Checkpoint: outputs/report.json and outputs/report.md are updated.

Week project progress

You already have:

  • A working profiler
  • Type inference (number vs text)
  • Numeric stats for numeric columns
  • Clean-ish Markdown and JSON exports

Today you will add:

  • Package structure (src/csv_profiler/...)
  • A CLI (Typer) that accepts input/output paths
  • Better error handling + helpful messages
  • A tiny bit of timing (how long profiling takes)

Session 1

Modules + packages + built-in modules

Session 1 objectives

  • Understand how Python finds code to import
  • Create and import your own modules
  • Use built-in modules to interact with the OS

Vocabulary: module vs package

  • Module: one .py file
    • Example: profiling.py
  • Package: a folder of modules
    • Example: csv_profiler/ with __init__.py

Why packages?

  • organize code by responsibility
  • reuse code across scripts
  • easier testing and maintenance

What happens when you import something?

Python searches for something in this order:

  1. Built-in modules
  2. Installed packages (your environment)
  3. Your project paths (current folder + sys.path)

Debug tool:

import sys
print(sys.path)

Quick demo: check your import paths

Create debug_paths.py:

import sys

print("sys.path (where Python looks for imports):")
for p in sys.path:
    print(" -", p)

Run:

uv run python debug_paths.py

Question: Do you see your project root? Do you see .../.venv/...?

Environment variables (quick idea)

  • Environment variables are key/value strings set in your terminal (outside Python).
  • They are inherited by programs you run from that terminal.
  • We’ll use one today: PYTHONPATH (adds folders to Python’s import search).

Tip

You don’t need to memorize many environment variables. Today we only care about PYTHONPATH.

Import styles (use intentionally)

Good defaults

  • import csv
  • import json
  • from pathlib import Path

Why?

  • keeps namespace clean
  • avoids name collisions

Also okay (be explicit)

  • import numpy as np (common convention)
  • import utilities.arithmetic.units as convert

Avoid:

  • from module import * (hides names)

__name__ == "__main__": run vs import

A file can be:

  • imported (used as a library)
  • executed (run as a program)

Pattern:

def main() -> None:
    ...

if __name__ == "__main__":
    main()

Run a module with -m

Instead of:

uv run python src/csv_profiler/cli.py

Prefer:

PYTHONPATH=src uv run python -m csv_profiler.cli --help

Why?

  • imports work more predictably
  • you run the module “as part of a package”

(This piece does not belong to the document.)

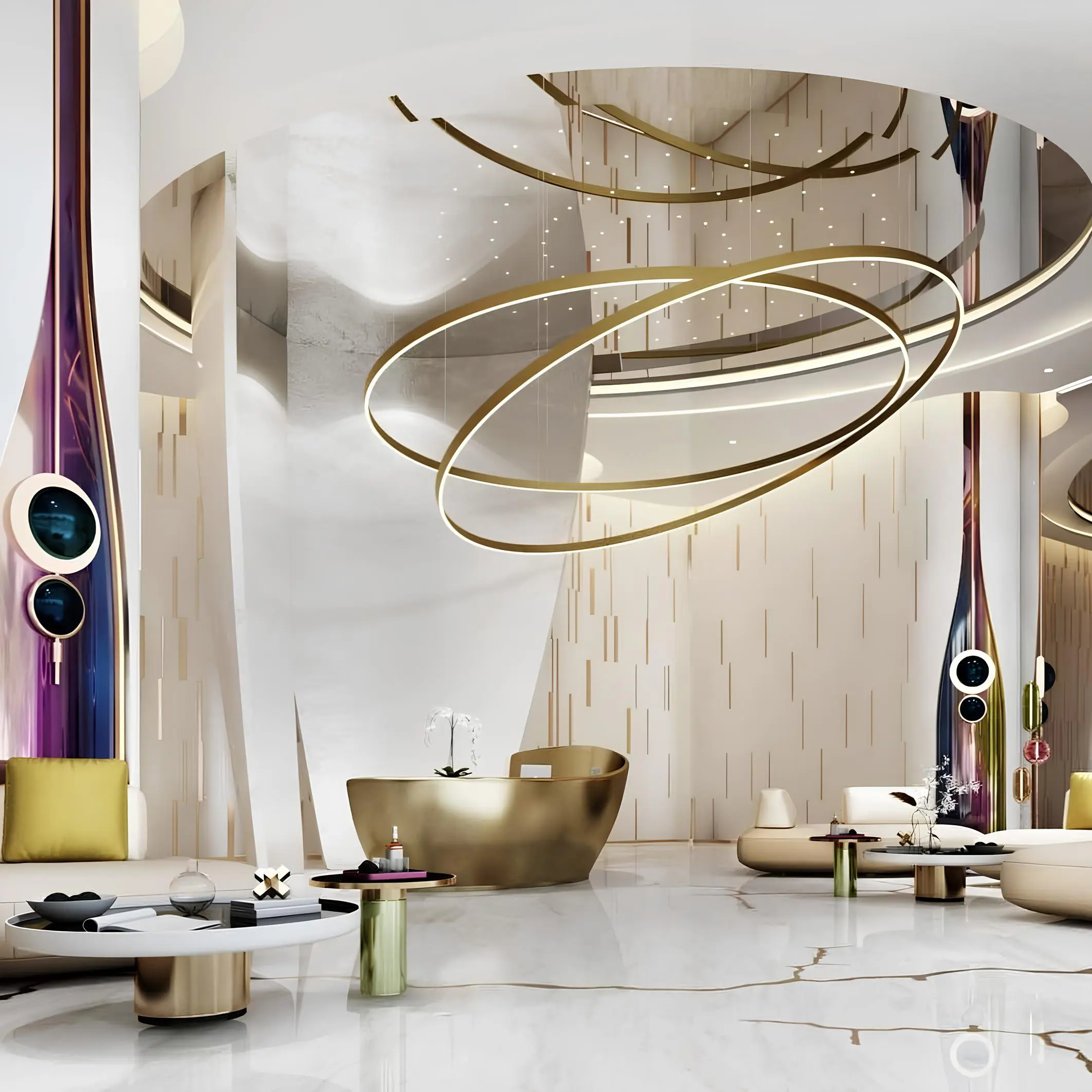 The complex provides exclusive leisure and entertainment facilities. Residents can enjoy glowing spheres, a unique planetary garden, a beauty bar, an infinity pool with solar-powered loungers, and innovative floating spa capsules that create an atmosphere of relaxation and luxury.

Project structure we want (by end of today)

csv-profiler/
├── data/
│   └── sample.csv
├── outputs/
├── src/
│   └── csv_profiler/
│       ├── __init__.py
│       ├── io.py
│       ├── profiling.py
│       ├── render.py
│       └── cli.py
└── pyproject.toml

Built-in modules you’ll use today

System & OS

  • os → environment variables, current directory
  • sys → argv, stdin/out, import path
  • time → measure runtime, timestamps
  • shutil → file operations + check if tools exist

Tip

These are “glue” modules that make your Python code behave like a real tool.

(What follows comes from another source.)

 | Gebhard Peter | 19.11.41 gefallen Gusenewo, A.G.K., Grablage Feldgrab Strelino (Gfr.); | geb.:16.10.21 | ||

os: environment + current folder

import os

print("PWD:", os.getcwd())
print("HOME:", os.environ.get("HOME"))
print("CSV_PATH:", os.environ.get("CSV_PATH"))

Use cases:

  • read config like OUTPUT_DIR
  • debug “where am I running from?”

sys: argv + exit codes

import sys

print(sys.argv)   # list of strings
sys.exit(0)       # success
sys.exit(1)       # failure

time: measure how long profiling takes

import time

start = time.perf_counter_ns()
# do work
end = time.perf_counter_ns()

elapsed_ms = (end - start) / 1_000_000
print(f"Elapsed: {elapsed_ms:.2f}ms")

Why?

  • it’s easy feedback on performance
  • later, you’ll profile bigger datasets

shutil: find tools + move files

import shutil

print(shutil.which("git"))
print(shutil.which("python"))

Useful later:

  • check that git is installed before Day 5 tasks

Mini-exercise: create your first module (8 minutes)

Create src/csv_profiler/strings.py:

def slugify(text: str) -> str:
    """Turn 'Report Name' → 'report-name'."""
    ...

Then import it in main.py (or another file):

from csv_profiler.strings import slugify
print(slugify("My Report 01"))

Checkpoint: prints my-report-01

Solution — slugify

def slugify(text: str) -> str:
    cleaned = text.strip().casefold()
    parts = cleaned.split()
    return "-".join(parts)

Common import mistakes

  • Forgetting __init__.py in a package folder
  • Running from the wrong working directory
  • Importing by file path instead of module path
  • Naming your file csv.py or json.py (shadows built-ins!)

Warning

Never name your file the same as a standard library module. Example: don’t create time.py.

Recap (Session 1)

  • A module is a .py file; a package is a folder of modules
  • Imports depend on sys.path → debug it!
  • Use PYTHONPATH=src (for now) to support src/ layout
  • Core system modules: os, sys, time, shutil

Asr break

20 minutes

Session 2

OOP essentials (only what you need)

Session 2 objectives

  • Know what a class is (and how to create an object)
  • Understand encapsulation (protect invariants)
  • Recognize inheritance (reuse behavior)
  • Explain polymorphism in Python (“duck typing”)
  • Apply OOP lightly to our profiler

When should you use OOP?

Use classes when you want:

  • data + behavior together
  • constraints/invariants (e.g., “age must be between 0–200”)
  • a reusable abstraction with a clear interface

Don’t force OOP when:

  • a dict is enough
  • you have only one function using the data

Vocabulary: class vs object (instance)

  • Class: a blueprint you write (class Person: ...)
  • Object / instance: a value you create (p = Person(...))

A class can contain:

  • data (attributes like name, age)
  • behavior (methods like greet())

A minimal class

class Person:
    def __init__(self, name: str, age: int) -> None:
        self.name = name
        self.age = age

    def greet(self) -> str:
        return f"Hi, I'm {self.name}"

Key idea:

  • __init__ runs when you create the object
  • self is the object being created/used

Using a class

p = Person("Sara Ahmed", 23)

print(p.name)        # attribute
print(p.age)
print(p.greet())     # method call

Tip

A method is just a function that lives inside a class. It always receives self as the first parameter.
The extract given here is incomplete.